WORK ORDER: From the line containing "The main floor" to the line containing "Promod Top Women's" in the records below, set down every line exactly as it stands, both ends included, and skip the pictures.

RECORDS FOR THE EXERCISE:
#####

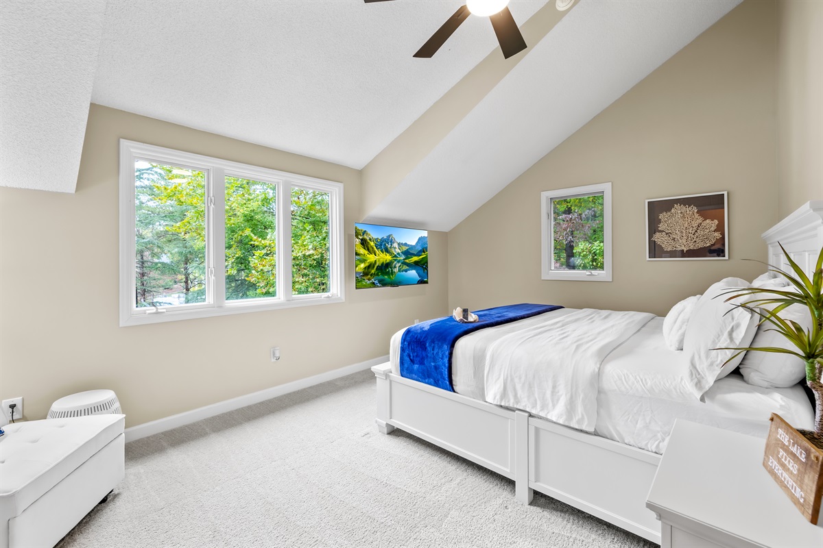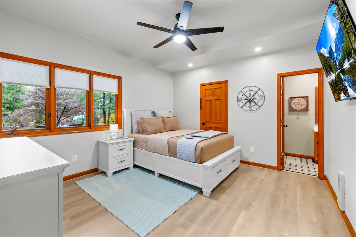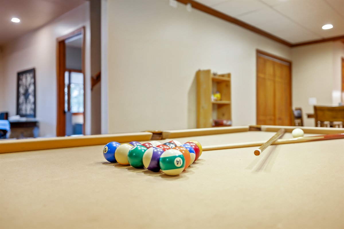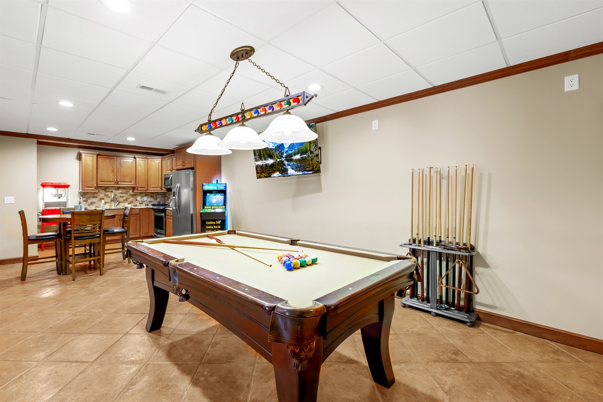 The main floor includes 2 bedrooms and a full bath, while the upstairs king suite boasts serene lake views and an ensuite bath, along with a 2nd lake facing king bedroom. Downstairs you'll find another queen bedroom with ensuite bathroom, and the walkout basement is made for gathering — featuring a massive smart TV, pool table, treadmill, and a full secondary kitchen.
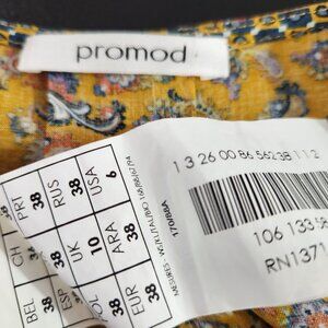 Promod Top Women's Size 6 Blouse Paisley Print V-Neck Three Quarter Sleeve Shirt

#####

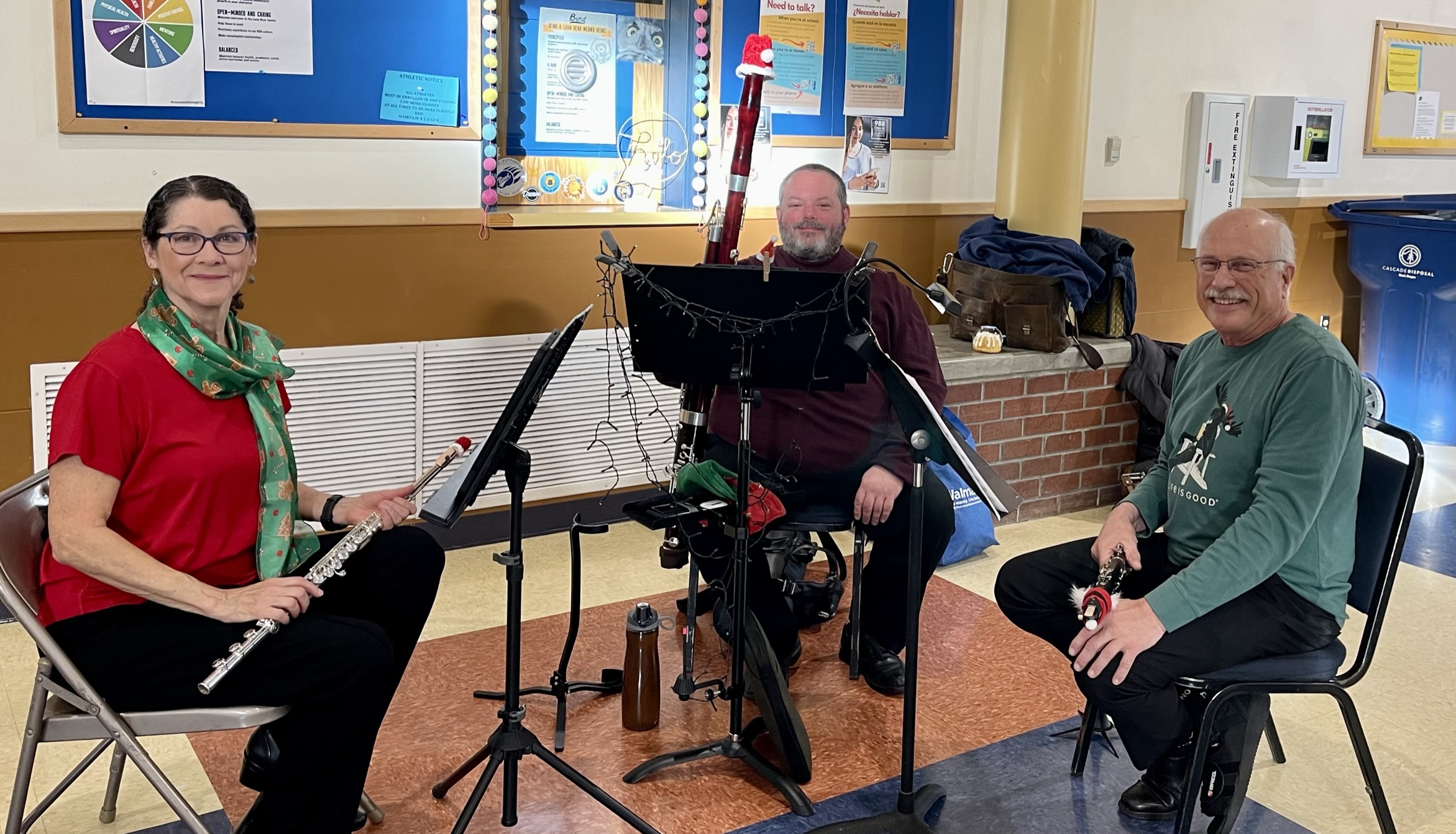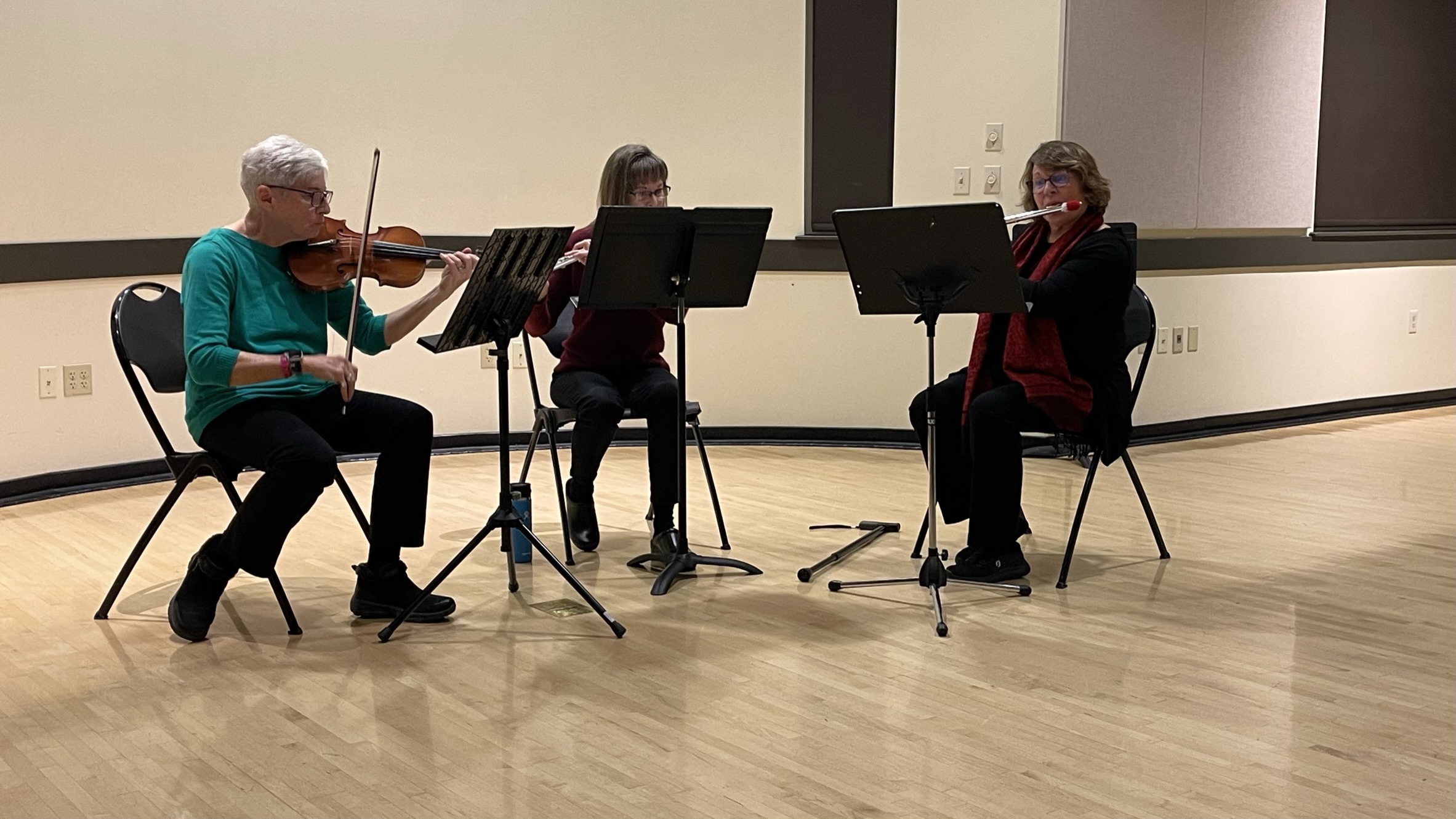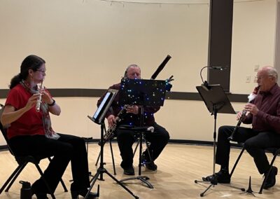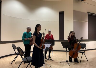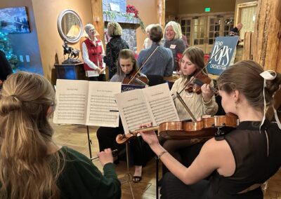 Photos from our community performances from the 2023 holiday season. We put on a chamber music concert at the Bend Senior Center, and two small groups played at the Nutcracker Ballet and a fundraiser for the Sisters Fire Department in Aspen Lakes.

#####

SOLUTION:
 The main floor includes 2 bedrooms and a full bath, while the upstairs king suite boasts serene lake views and an ensuite bath, along with a 2nd lake facing king bedroom. Downstairs you'll find another queen bedroom with ensuite bathroom, and the walkout basement is made for gathering — featuring a massive smart TV, pool table, treadmill, and a full secondary kitchen.
 Promod Top Women's Size 6 Blouse Paisley Print V-Neck Three Quarter Sleeve Shirt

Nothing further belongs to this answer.